Performs random selection of fragments proportionally to a squared fraction of sp3 carbon atoms.

Parameters:
  • row_ids

    the list of row ids of fragments to consider

  • cur

    cursor to the fragment database

  • radius

    context radius

  • n

    the number of fragments to select

Returns:
  • the list of row ids of selected fragments

Source code in crem/utils.py
def sample_csp3(row_ids, cur, radius, n):
    """
    Performs random selection of fragments proportionally to a squared fraction of sp3 carbon atoms.
    :param row_ids: the list of row ids of fragments to consider
    :param cur: cursor to the fragment database
    :param radius: context radius
    :param n: the number of fragments to select
    :return: the list of row ids of selected fragments
    """
    if n >= len(row_ids):
        return row_ids
    d = defaultdict(list)
    for rowid, core_smi, _, _ in _get_replacements(cur, radius, row_ids):
        d[core_smi].append(rowid)
    smis = list(d.keys())
    values = [rdMolDescriptors.CalcFractionCSP3(Chem.MolFromSmiles(smi)) ** 2 for smi in smis]
    values = [v + 0.01 for v in values]
    values = np.array(values) / sum(values)
    selected_smiles = np.random.choice(smis, n, replace=False, p=values).tolist()
    ids = []
    for smi in selected_smiles:
        ids.extend(d[smi])
    if len(ids) < n:
        ids = random.sample(ids, n)
    return ids

filter_max_ring_size

filter_max_ring_size(row_ids, cur, radius, max_size=6)

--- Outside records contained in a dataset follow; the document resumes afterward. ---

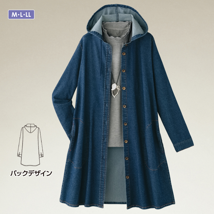 ストレッチデニムの柔らかフード付き羽織りジャケット。
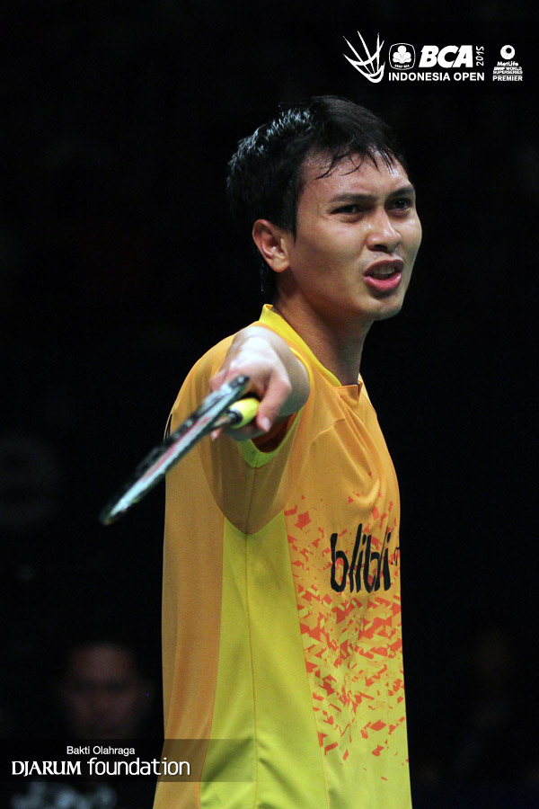 Mohamad Ahsan (Indonesia) saat melakukan protes.
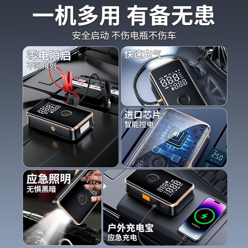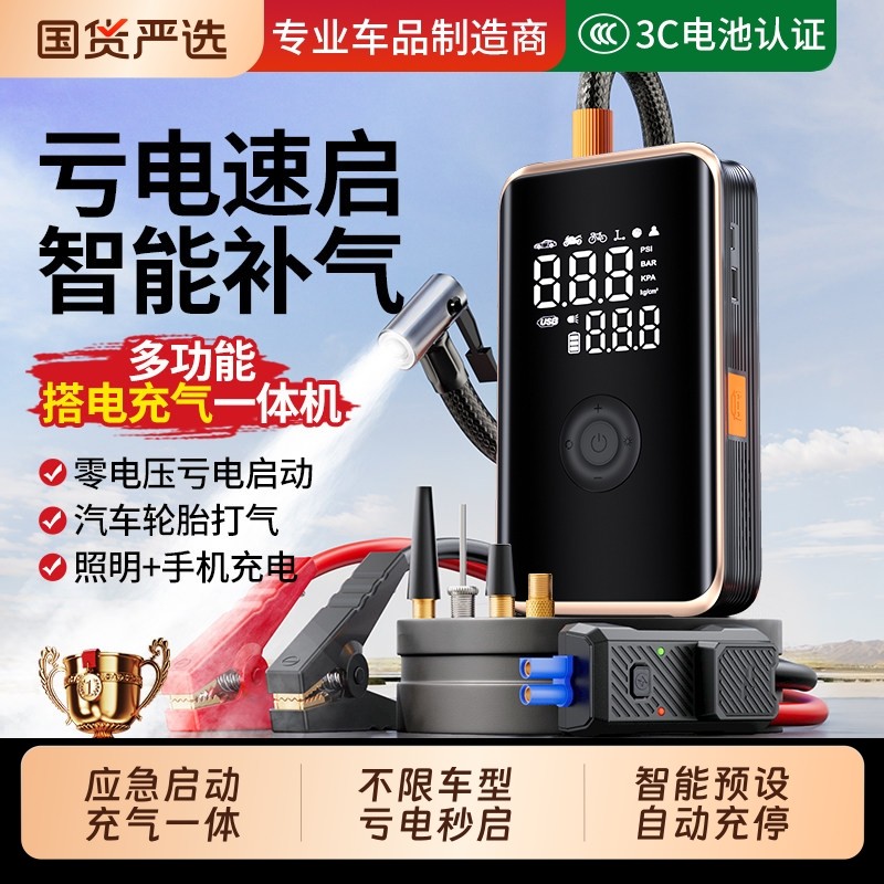 汽车应急启动电源车辆专用搭电宝车载充气泵一体电瓶紧急打火神器
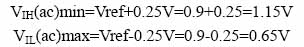 其中,VIH(ac)min是VIH(ac)规范的最小值,VIL(ac)max是VIL(ac)规范的最大值,Vref是参考电压,对DDR1来说是1.25V,DDR2来说是0.9V,DDR3来说是0.75V。
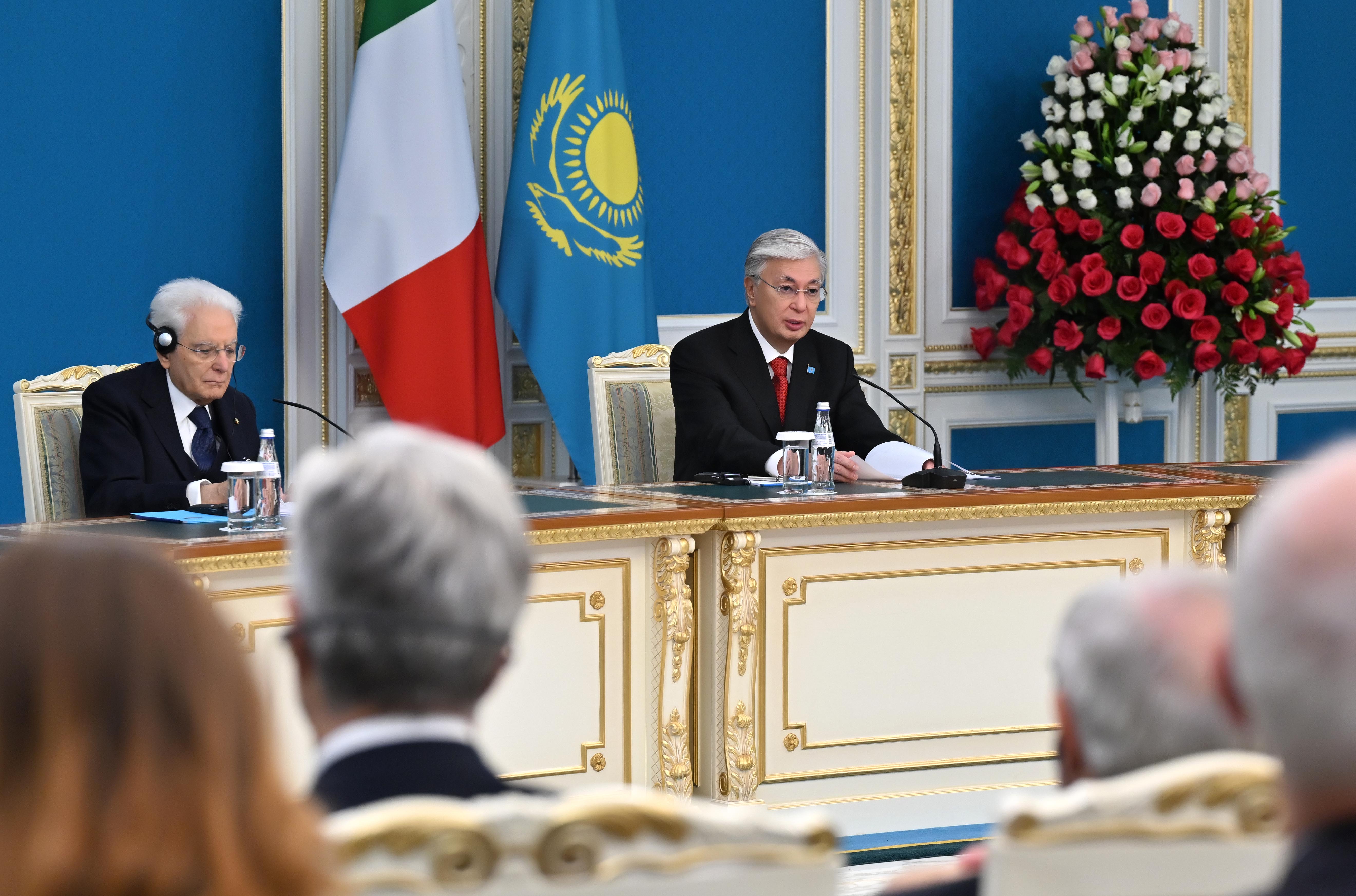 – Мы с Президентом Маттареллой выразили обеспокоенность эскалацией вооруженных конфликтов в нынешний сложный период. Наши страны считают, что все проблемы должны решаться только мирным политико-дипломатическим путем в соответствии с Уставом Организации Объединенных Наций. Казахстан и Италия заинтересованы в налаживании международного сотрудничества. Неизменно поддерживая взаимные инициативы, мы готовы активно участвовать в укреплении глобального мира и стабильности. Особое значение наши страны придают дальнейшему развитию многосторонней дипломатии. Поэтому хотел бы выразить уверенность в том, что диалоговая площадка «Центральная Азия – Италия» придаст дополнительный импульс укреплению регионального сотрудничества. Как Вы знаете, первое заседание саммита состоялось в этом году в Астане по инициативе итальянской стороны. Все это способствует координации наших усилий в рамках международных структур. Хотел бы выразить глубокую признательность Италии за поддержку инициативы открытия Регионального центра ООН по ЦУР для Центральной Азии и Афганистана в Алматы, – заявил Президент.
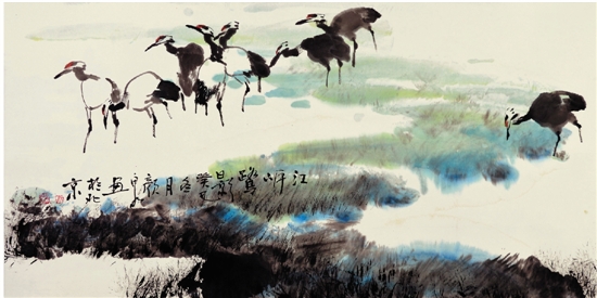 颜泉 江岸鹭影
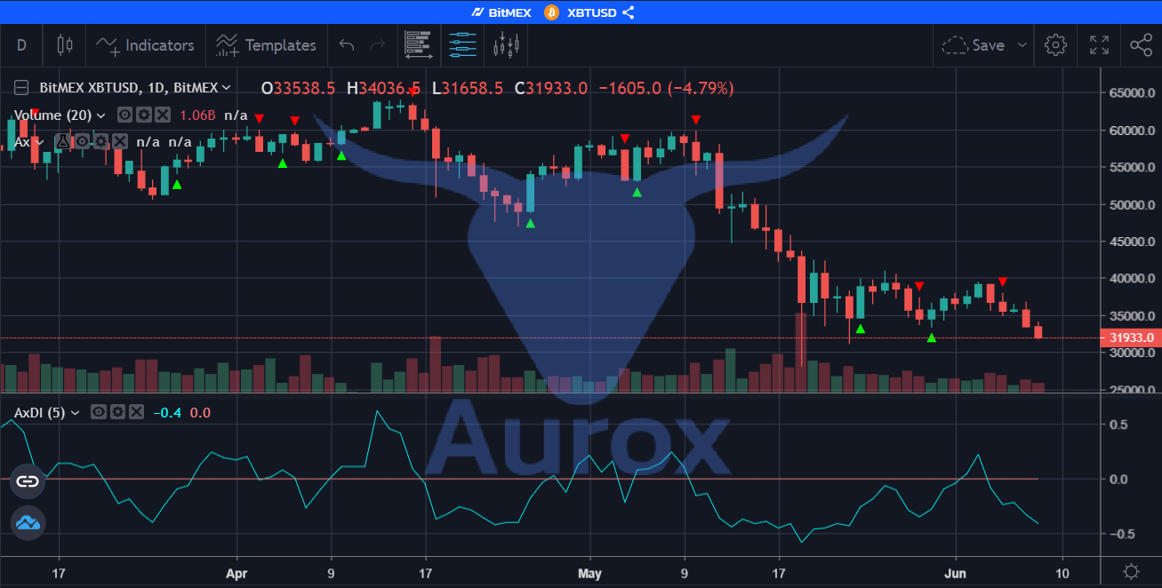 The Aurox Indicator is Red and The DI (Demand Index) Is Still Under The 0 Line. Will BTC Head Lower?
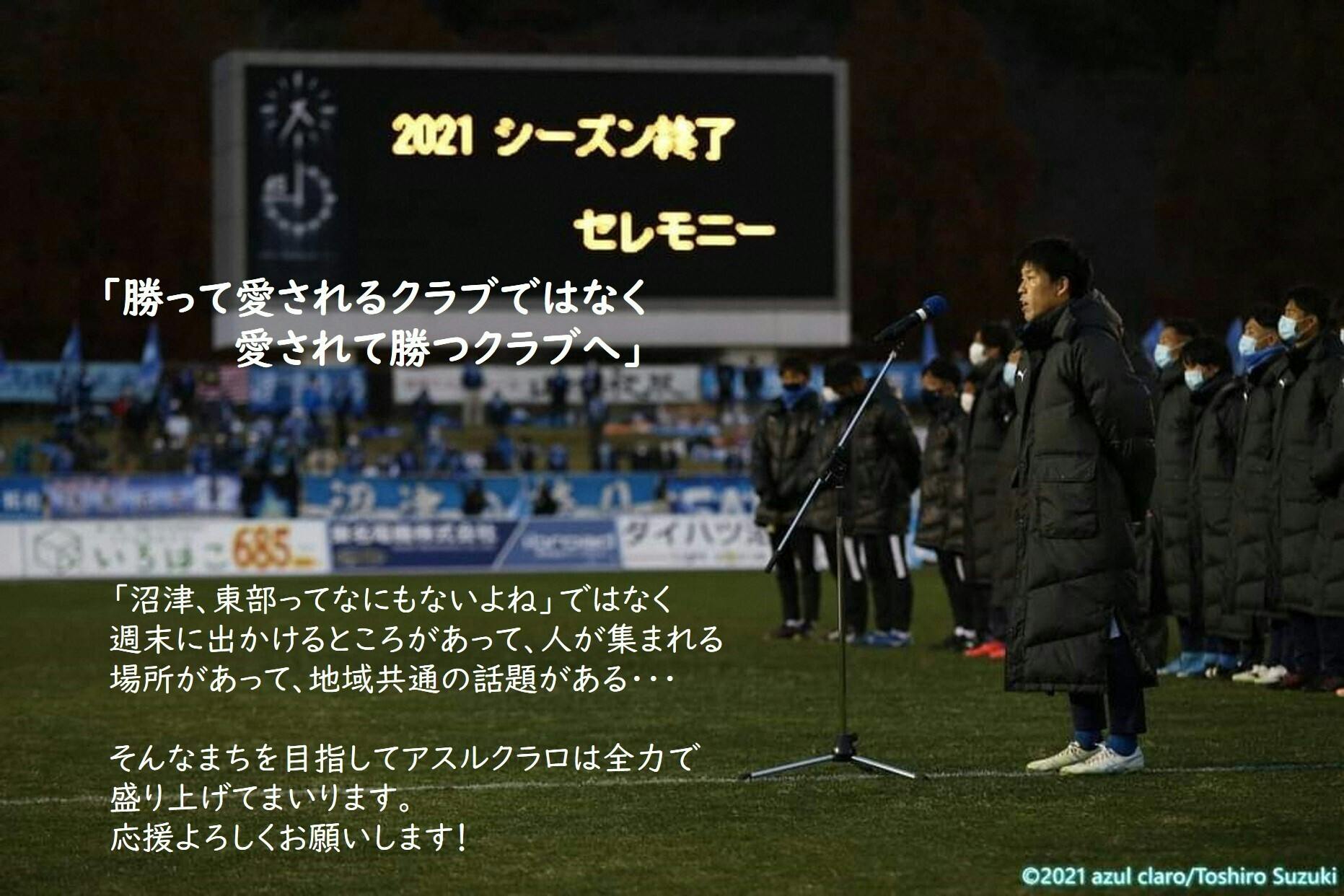 2021シーズンの最終戦となった12月5日ホームゲームは、目の前でいわてグルージャ盛岡様が昇格を決めた試合となりました。試合終了後、アスルクラロ沼津・菅井キャプテンはチームを代表し「勝って愛されるクラブではなく地域から愛されて勝つクラブを目指しています。選手はもっと地域を愛し、地域のためにやっていく、これがライセンスと昇格につながると信じてがんばっていく」と思いを言葉にしました。
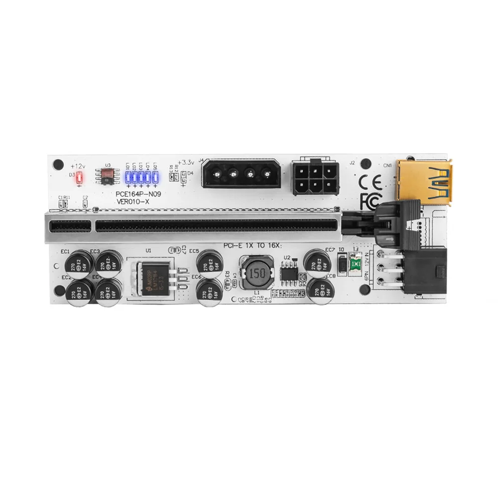 Наборы переходников версии 010X-это новейшее и верхнее линейное решение для настройки горных установок GPU. 4PIN и две графические карты 6PIN интерфейс являются необязательными для питания, что обеспечивает независимое питание графической карты и уменьшает нагрузку на материнскую плату при использовании большего количества графических карт. Светодиодный дисплей, 8 твердых конденсаторов, 60 см USB 3,0 кабель, подходит для всех оконных систем, LINUX и MAC.

Remove fragments having a ring size greater than a maximum threshold value

Parameters:
  • row_ids

    the list of row ids of fragments to consider

  • cur

    cursor to the fragment database

  • radius

    context radius

  • max_size

    maximum allowed ring size

Returns:
  • the list of row ids of selected fragments

Source code in crem/utils.py
def filter_max_ring_size(row_ids, cur, radius, max_size=6):
    """
    Remove fragments having a ring size greater than a maximum threshold value
    :param row_ids: the list of row ids of fragments to consider
    :param cur: cursor to the fragment database
    :param radius: context radius
    :param max_size: maximum allowed ring size
    :return: the list of row ids of selected fragments
    """
    d = defaultdict(list)
    for rowid, core_smi, _, _ in _get_replacements(cur, radius, row_ids):
        d[core_smi].append(rowid)
    smis = list(d.keys())
    for smi in smis:
        mol = Chem.MolFromSmiles(smi)
        w = mol.GetRingInfo()
        rings = w.AtomRings()
        if rings and max(len(atom_ids) for atom_ids in rings) > max_size:
            del d[smi]
    ids = []
    for v in d.values():
        ids.extend(v)
    return ids

filter_acyclic_attachment_points

filter_acyclic_attachment_points(row_ids, cur, radius)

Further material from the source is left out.